FINAL

This first section of the code deals with fetching the required data. It imports the required R libraries and then fetches historical stock price data of NVIDIA from Yahoo Finance, within a given date range. The code also contains a test to check if the data is fetched successfully. It then chooses the adjusted closing price, which is important for proper analysis, and converts this information into a time series object for further analysis. Lastly, the code prints the first few rows of the data and creates a plot to see the trend of the stock price.

# Load the necessary libraries. I always make sure these are at the top!
library(forecast) # For the forecasting functions (ETS, ARIMA, forecast)

## Registered S3 method overwritten by 'quantmod':
##   method            from
##   as.zoo.data.frame zoo

library(tseries) # For time series analysis, specifically the ADF test
library(quantmod) # I find this handy for fetching financial data directly

## Loading required package: xts

## Loading required package: zoo

## 
## Attaching package: 'zoo'

## The following objects are masked from 'package:base':
## 
##     as.Date, as.Date.numeric

## Loading required package: TTR

library(dplyr)    # For data manipulation

## 
## ######################### Warning from 'xts' package ##########################
## #                                                                             #
## # The dplyr lag() function breaks how base R's lag() function is supposed to  #
## # work, which breaks lag(my_xts). Calls to lag(my_xts) that you type or       #
## # source() into this session won't work correctly.                            #
## #                                                                             #
## # Use stats::lag() to make sure you're not using dplyr::lag(), or you can add #
## # conflictRules('dplyr', exclude = 'lag') to your .Rprofile to stop           #
## # dplyr from breaking base R's lag() function.                                #
## #                                                                             #
## # Code in packages is not affected.

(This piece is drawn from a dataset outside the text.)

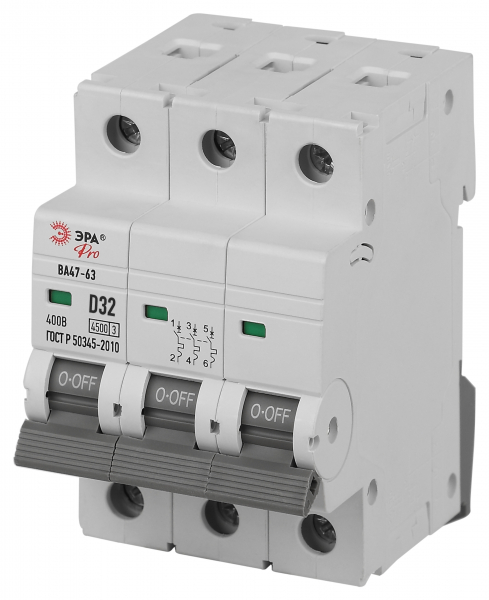 В нашем магазине «Главэлектрика» в Тюмени, вы можете приобрести товар: «Автоматический выключатель ЭРА PRO VA63-3P32D4.5 ВА47-63 3P 32А кривая D 4,5кА (кратно 1)» с доставкой по г. Тюмень.
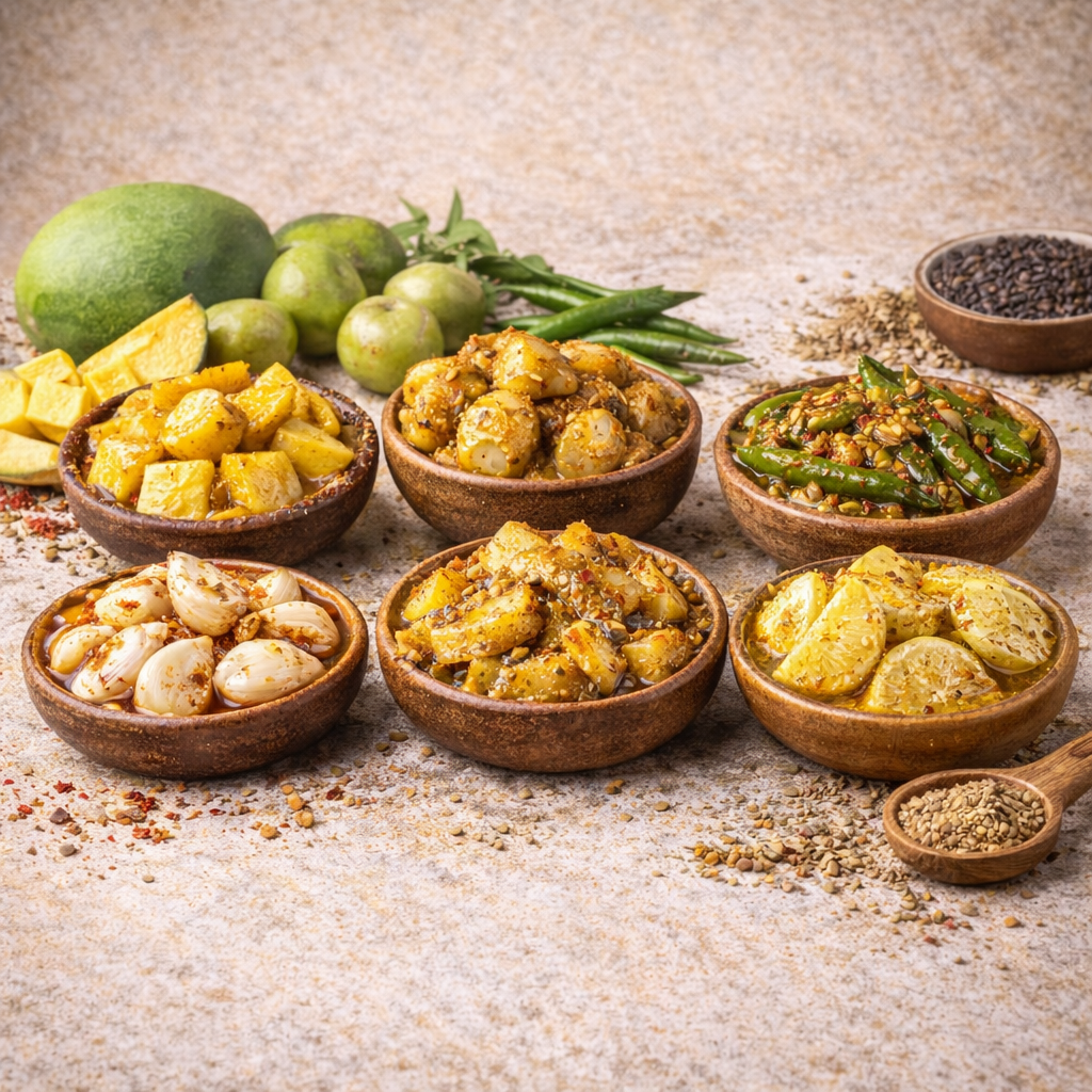 Mango Pickle, Mix Veg Pickle, Bharwa Green Chilli Pickle, Green Chilli Pickle, Galgal Pickle, Ginger Garlic Pickle, Amla Pickle, Khatta Meetha Pickle, Mixed Pickle.

It's protected by R's namespace mechanism #
## # Set `options(xts.warn_dplyr_breaks_lag = FALSE)` to suppress this warning.  #
## #                                                                             #
## ###############################################################################

## 
## Attaching package: 'dplyr'

## The following objects are masked from 'package:xts':
## 
##     first, last

## The following objects are masked from 'package:stats':
## 
##     filter, lag

## The following objects are masked from 'package:base':
## 
##     intersect, setdiff, setequal, union

# --- 1. Data Acquisition ---
# I'm going to fetch the NVIDIA stock data directly from Yahoo Finance.
# Reviewer can adjust the date range as needed.
start_date <- "2024-01-01" # Corrected start date.
end_date <- "2024-12-01"
getSymbols("NVDA", from = start_date, to = end_date)

## [1] "NVDA"

# Check if NVDA data was successfully fetched
if (is.null(NVDA) || nrow(NVDA) == 0) {
  stop("Failed to retrieve NVDA stock data from Yahoo Finance.  Please check the date range and internet connection.")
}

# Use Adjusted Close Price
if ("NVDA.Adjusted" %in% colnames(NVDA)) {
  nvda_stock <- NVDA$NVDA.Adjusted
} else if ("Adjusted" %in% colnames(NVDA)) {
  nvda_stock <- NVDA$Adjusted
} else {
  stop("Error: Neither 'NVDA.Adjusted' nor 'Adjusted' column found.")
}


time_series <- ts(nvda_stock, frequency = 252) # Assuming daily data, roughly 252 trading days per year.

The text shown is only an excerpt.